If you are looking at this internationally, you might be surprised to know that "Smoko" does not appear in this list. It was a viral breakout hit in 2017, but something of a novelty. triple j may have acknowledged it early on but they were not pushing in all their chips. It wasn't until 2019 with a new single (and a major label signing) that they started getting behind this band. I can't remember exactly when I first heard the song, but I definitely joined in on the fascination with the novelty, something you'd never think would be more than a funny YouTube video. It's an excellent distillation of their energy though. Utterly confronting in a 'trying so hard to make it look like we're not trying' way, but succeeding through the bluntness of the minutiae. Just the vivid image of a tradie sitting on a milk crate and getting hostile at anyone who comes near him is such a realistic portrayal expressed with poetic brilliance.

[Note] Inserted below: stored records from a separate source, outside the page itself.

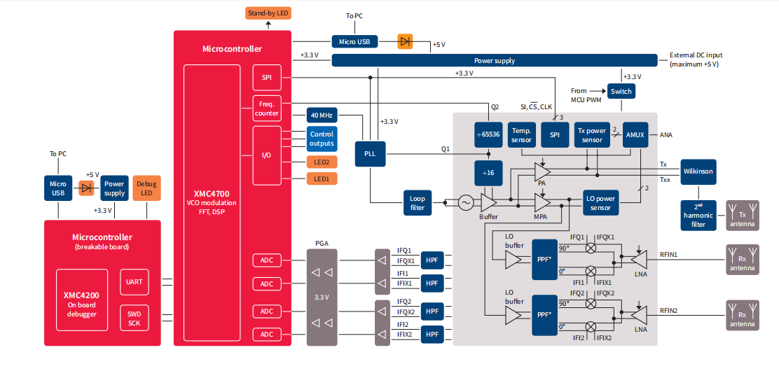 XENSIV™ 24GHz BGT24MTR12 雷达传感器快速啁啾 FMCW 演示板是 Infineon 提供的一款开发工具,它利用 BGT24MTR12 RF 收发器和 XMC4700 系列的 32 位 ARM® Cortex®-M4 微控制器单元(MCU),以实现在 24 GHz 工业、科学和医疗(ISM)频段的多种传感应用。这些应用包括跟踪、碰撞避免、无人机避障、机器人避障和人员跟踪。演示板能够通过快速啁啾 FMCW 技术和两个接收天线来获取目标的角度、距离、速度和运动方向。该开发套件包含预编程的演示板,使用 Infineon 的 DAVE™ 开发工具,具备同时跟踪多个对象的能力。此外,还提供了 PC 应用程序 GUI,用于在时间和频率域中显示和分析获取的数据,以及用于高级调试和算法开发的雷达时域信号提取。
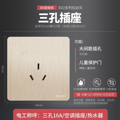 德力西822系列三孔插座EE86S16C开关快递很给力,包装结实,完整无损,质量非常的好,独立塑封装,香槟@泽亮丽,凸显高贵,做工精细,跟我家的装修风格非常搭调,孔间距挺宽的,二3J可同时插入,插拔很顺畅,是正品,质量有保障,好质量就该顶一个,值得推荐!下次再来买哦。德力西822系列三孔插座EE86S16C宝贝收到,物流很快,描述相符,比较满意,好评,推荐是正品,而且价格不贵,用着也很大气,一直在用,很好?值得购买的产品,做工非常精细,比想象中的好,推荐大家尝试特别特别特别好,没有任何破损的地方,外观也好看,好评!白色超级白。才干净很好看,亮面材质,四周没有棱角不会伤到小孩。16a插口拔插很稳。质地厚,用电动工具反复拧没有开裂,没有变形。五金件螺丝也一样,不会变形。快递送货及时有礼貌。当天下单当天到货给力。
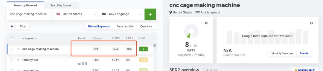 什么是N/A?就是没有搜索量,没有任何流量价值的词,通俗一点就是没有客户会去搜的词。
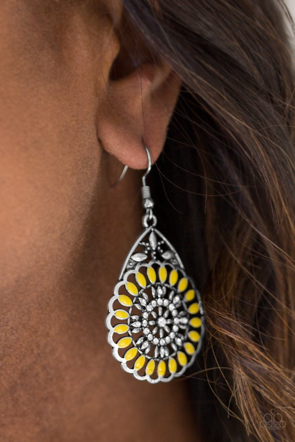 Painted in a sunny hue, colorful yellow petals flare out from a white rhinestone encrusted center, creating a summery lure. Earring attaches to a standard fishhook fitting.
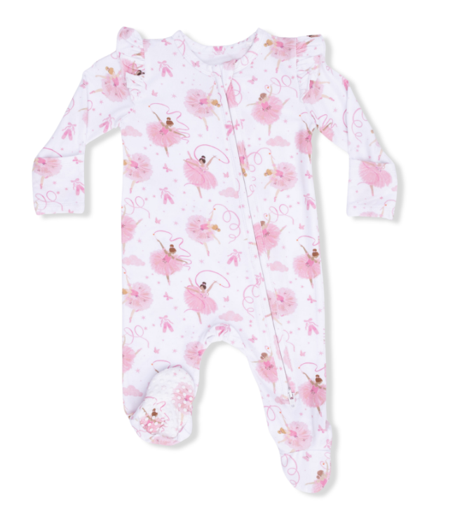 Two Way Zipper Ruffle Sleeve Footie | Ribbon Ballerinas
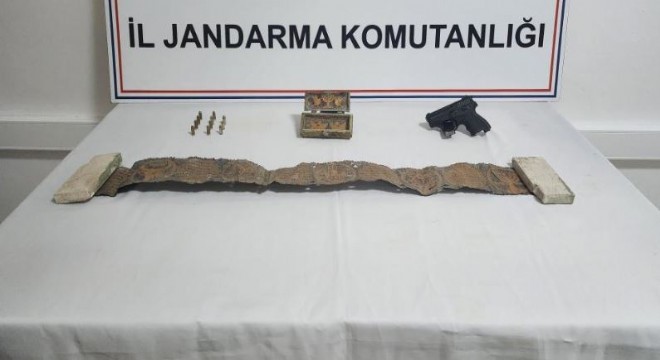 Malatya İl Jandarma Komutanlığı ekipleri, Şanlıurfa’dan kente tarihi eser niteliği taşıyan bazı materyallerin getirilerek satışa sunulacağı bilgisine ulaştı. Bunun üzerine harekete geçen ekipler yapılan teknik ve fiziki takiplerin ardından Yazıhan ilçesinde durdurulan bir araçta arama yaptı. Yapılan aramalarda özel yapım tarihi değeri bulunan ahşap sandık içerisinde Mısırlılara ait 3 bin 500 yıllık olduğu değerlendirilen ceylan derisi üzerine altın varak işlemeli İbranice yazılı parşömen, 1 adet ruhsatsız tabanca ile 11 adet tabanca fişeği ele geçirildi.
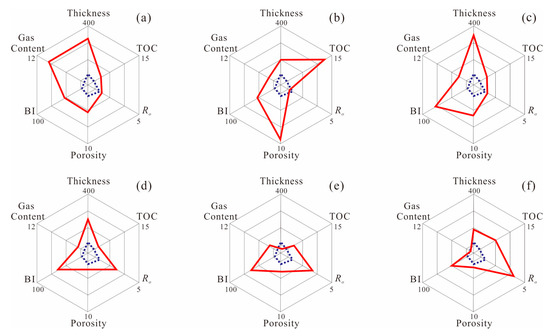 To evaluate the gas production potential of the shale reservoir, we considered formation thickness, TOC, Ro, porosity, BI and in situ gas content [41,42]. We also compared the three shales with marine shales of North America in Figure 12. The data from the North American shales show that commercial gas production can be achieved in shales with different geological characteristics. For example, the Barnett shale has a high gas content and shale thickness (Figure 12a), and the New Albany shale has extremely high TOC content and high porosity (Figure 12b), while the Ohio shale is fairly favorable in shale thickness and brittleness properties (Figure 12c). The shale data from North America and China confirm that there is a minimum threshold value for commercial shale gas development. In this study, we used the criteria in Wan et al. [43] to evaluate the three investigated shales.
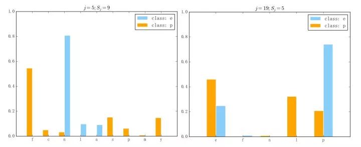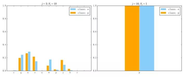 由于蘑菇数据一共有 22 维,所以上述代码会生成 22 张图,从这些图可以非常清晰地看出训练数据集各维度特征的分布。下选出几组有代表性的图片进行说明。
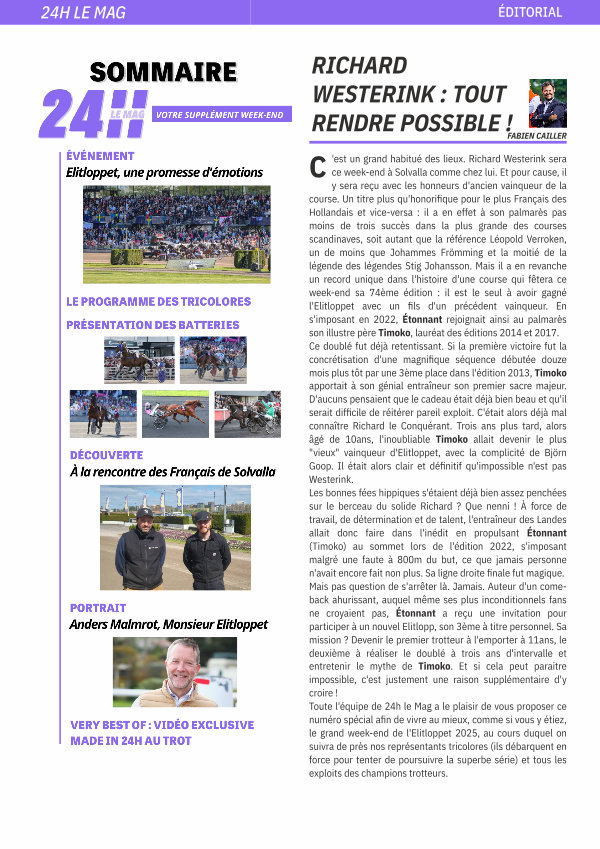 ' est un grand habitué des lieux. Richard Westerink sera ce week-end à Solvalla comme chez lui. Et pour cause, il y sera reçu avec les honneurs d ' ancien vainqueur de la course. Un titre plus qu ' honorifique pour le plus Français des Hollandais et vice-versa: il a en effet à son palmarès pas moins de trois succès dans la plus grande des courses scandinaves, soit autant que la référence Léopold Verroken, un de moins que Johammes Frömming et la moitié de la légende des légendes Stig Johansson. Mais il a en revanche un record unique dans l ' histoire d ' une course qui fêtera ce week-end sa 74ème édition: il est le seul à avoir gagné l ' Elitloppet avec un fils d ' un précédent vainqueur. En s ' imposant en 2022, Étonnant rejoignait ainsi au palmarès son illustre père Timoko, lauréat des éditions 2014 et 2017. Ce doublé fut déjà retentissant. Si la première victoire fut la concrétisation d ' une magnifique séquence débutée douze mois plus tôt par une 3ème place dans l ' édition 2013, Timoko apportait à son génial entraîneur son premier sacre majeur. D ' aucuns pensaient que le cadeau était déjà bien beau et qu ' il serait difficile de réitérer pareil exploit. C ' était alors déjà mal connaître Richard le Conquérant. Trois ans plus tard, alors âgé de 10ans, l ' inoubliable Timoko allait devenir le plus " vieux " vainqueur d ' Elitloppet, avec la complicité de Björn Goop. Il était alors clair et définitif qu ' impossible n ' est pas Westerink. Les bonnes fées hippiques s ' étaient déjà bien assez penchées sur le berceau du solide Richard? Que nenni! À force de travail, de détermination et de talent, l ' entraîneur des Landes allait donc faire dans l ' inédit en propulsant Étonnant( Timoko) au sommet lors de l ' édition 2022, s ' imposant malgré une faute à 800m du but, ce que jamais personne n ' avait encore fait non plus. Sa ligne droite finale fut magique. Mais pas question de s ' arrêter là. Jamais. Auteur d ' un comeback ahurissant, auquel même ses plus inconditionnels fans ne croyaient pas, Étonnant a reçu une invitation pour participer à un nouvel Elitlopp, son 3ème à titre personnel. Sa mission? Devenir le premier trotteur à l ' emporter à 11ans, le deuxième à réaliser le doublé à trois ans d ' intervalle et entretenir le mythe de Timoko. Et si cela peut paraitre impossible, c ' est justement une raison supplémentaire d ' y croire! Toute l ' équipe de 24h le Mag a le plaisir de vous proposer ce numéro spécial afin de vivre au mieux, comme si vous y étiez, le grand week-end de l ' Elitloppet 2025, au cours duquel on suivra de près nos représentants tricolores( ils débarquent en force pour tenter de poursuivre la superbe série) et tous les exploits des champions trotteurs.
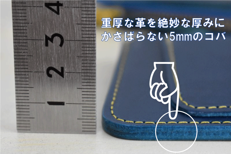 台形ポケットインは【1枚の分厚い革がポケット】になっているので手触りは重厚な5mm厚。ここが頑丈ポイント!でもパーツを重ね合わせて作る財布としては5mmは薄く使いやすいです。
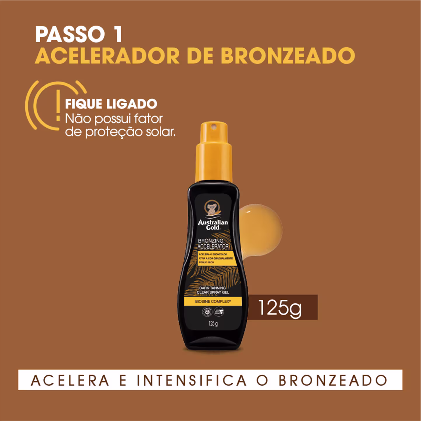 Bronzeador em spray gel para todos os tipos de pele. Bronzeador Spray Gel Australian Gold Bronzing Accelerator promove uma aceleração do bronzeado, ativando a cor gradualmente.
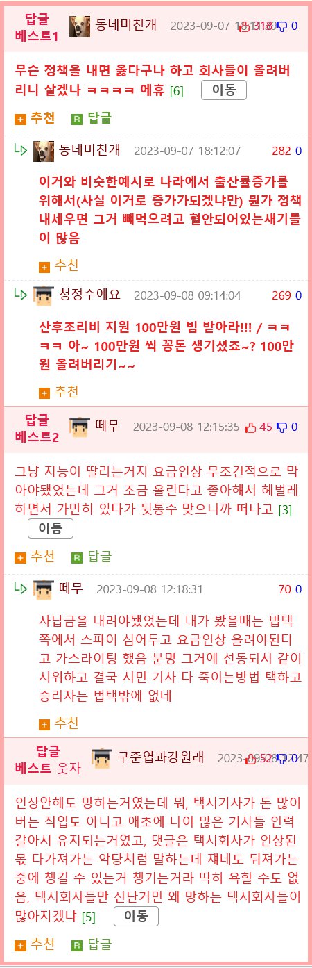 서울 법인택시 기사들은 2023년 2월부터 택시 요금이 오르면서 어려움을 겪고 있다. 기사들은 법인택시 TAXI와 택시대란을 해소하기 위해 노력하고 있지만, 요금의 상승으로 인해 받는 '기준금'도 인상되고 있다. 220위의 한 기사는 하루 12시간 일해야 기본급을 받을 수 있으며, 중노동하고 있다고 말했다. 또 다른 기사는 코로나19로 인해 회식을 자주 하지 않고 일찍 집에 돌아가는 경우가 많아졌으며, 폐업 위기에 처한 업체의 대표가 어떤 정책을 내놓을지 궁금하다고 말했다. 그 외에도 보험료, LPG 가격, 최저임금 등의 문제로 어려움을 겪고 있다는 의견도 나왔다. 하지만, 일부 댓글에서는 택시 요금 인상은 기사들의 처우 개선을 위한 것이라고 주장하는 의견도 보였다.

I don't think "The Clap" fires on quite the same cylinders, but I'm very sure it's intentional. You could argue that it's doing the complete opposite by providing as few details as possible and just hammering home the specific thesis statement that it's a song about someone getting gonorrhea. It's undeniably a very punk rock thing to make such a narrowly focused song like this. On that level I can embrace it, though I do still end up having more fun with their other songs.